Visual paired comparison performance is impaired in a patient with selective hippocampal lesions and relatively intact item recognition

In this study, we have examined visual recognition memory in a patient, YR, with discrete hippocampal damage who has shown normal or nearly normal item recognition over a large number of tests. We directly compared her performance as measured using a visual paired comparison task (VPC) with her performance on delayed matching to sample (DMS) tasks. We also investigated the effect of retention interval between familiarisation and test. YR shows good visual recognition with the DMS task up to 10 s after the familiarisation period, but only shows recognition with the VPC task for the shortest retention interval (0 s). Our results are consistent with the view that hippocampal damage disrupts recollection and recall, but not item familiarity memory.
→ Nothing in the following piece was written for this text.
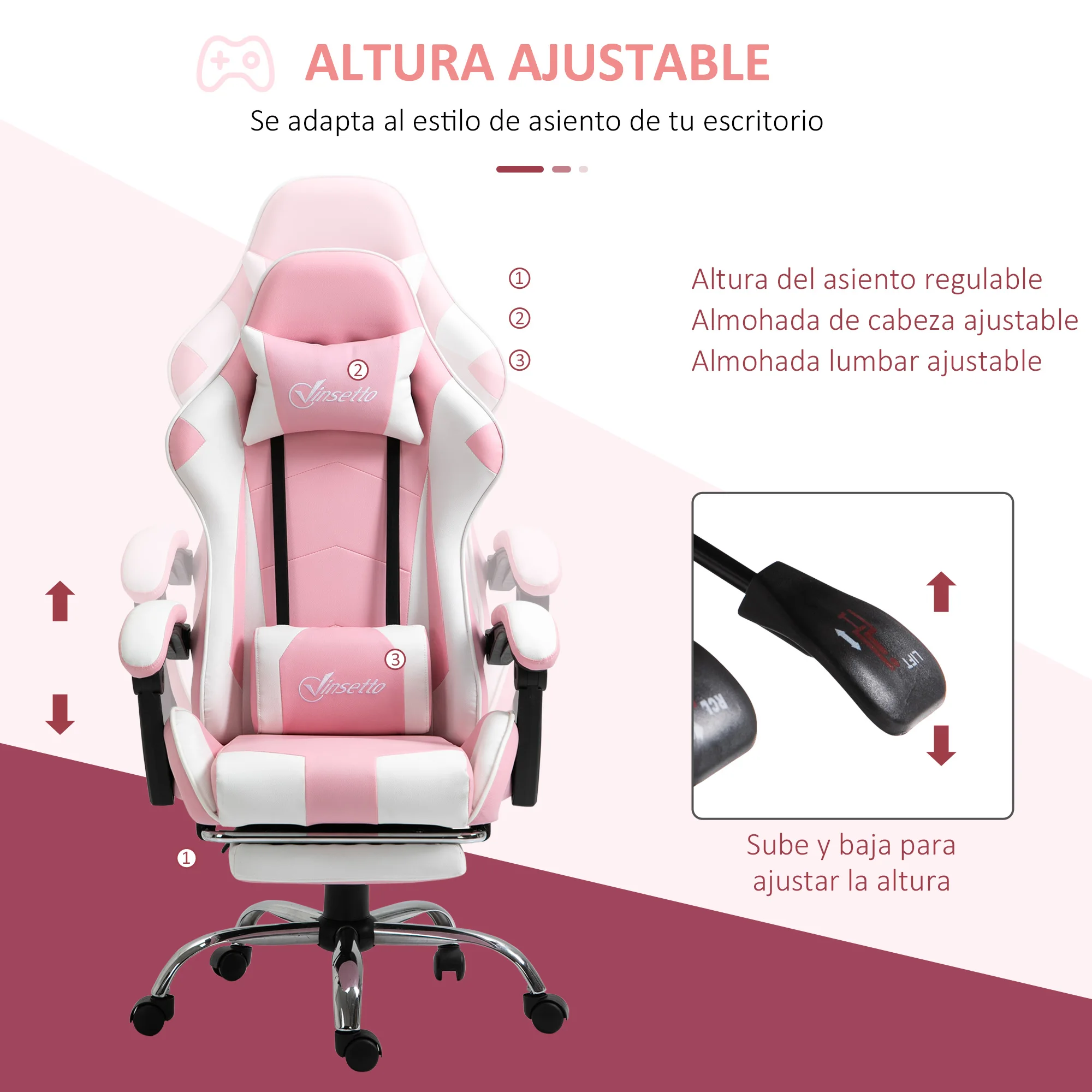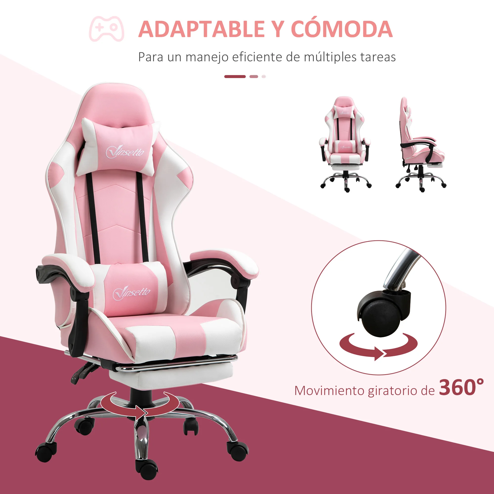 Vinsetto Reclining Gaming Chair Headrest Footrest 64X67X119-127 cm Pink

Equivalent activation of the hippocampus by face-face and face-laugh paired associate learning and recognition

The human hippocampus is known to play an important role in relational memory. Both patient lesion studies and functional-imaging studies have shown that it is involved in the encoding and retrieval from memory of arbitrary associations. Two recent patient lesion studies, however, have found dissociations between spared and impaired memory within the domain of relational memory. Recognition of associations between information of the same kind (e.g., two faces) was spared, whereas recognition of associations between information of different kinds (e.g., face-name or face-voice associations) was impaired by hippocampal lesions. Thus, recognition of associations between information of the same kind may not be mediated by the hippocampus. Few imaging studies have directly compared activation at encoding and recognition of associations between same and different types of information. Those that have have shown mixed findings and been open to alternative interpretation. We used fMRI to compare hippocampal activation while participants studied and later recognized face-face and face-laugh paired associates. We found no differences in hippocampal activation between our two types of stimulus materials during either study or recognition. Study of both types of paired associate activated the hippocampus bilaterally, but the hippocampus was not activated by either condition during recognition. Our findings suggest that the human hippocampus is normally engaged to a similar extent by study and recognition of associations between information of the same kind and associations between information of different kinds.

Do Amnesics Forget Colours Pathologically Fast

We tested amnesic and control subjects on a task which required the recognition of single, difficult to name colours, after delays ranging from 7 seconds to 120 seconds after performance of the two subject groups had been matched at the shortest delay by giving the amnesic patients longer study time. The amnesic patients showed abnormally fast forgetting over the two minute period. Furthermore, a subgroup of nine subjects with presumed damage to midline diencephalic structures (Korsakoffs syndrome) were found to forget as fast as a group of six subjects with presumed medial temporal lobe damage (herpes simplex encephalitis). These results contrast both with studies using the Huppert and Piercy procedure and those using the Brown-Peterson task, none of which have shown convincing evidence of accelerated forgetting in medial temporal lobe or diencephalic amnesia.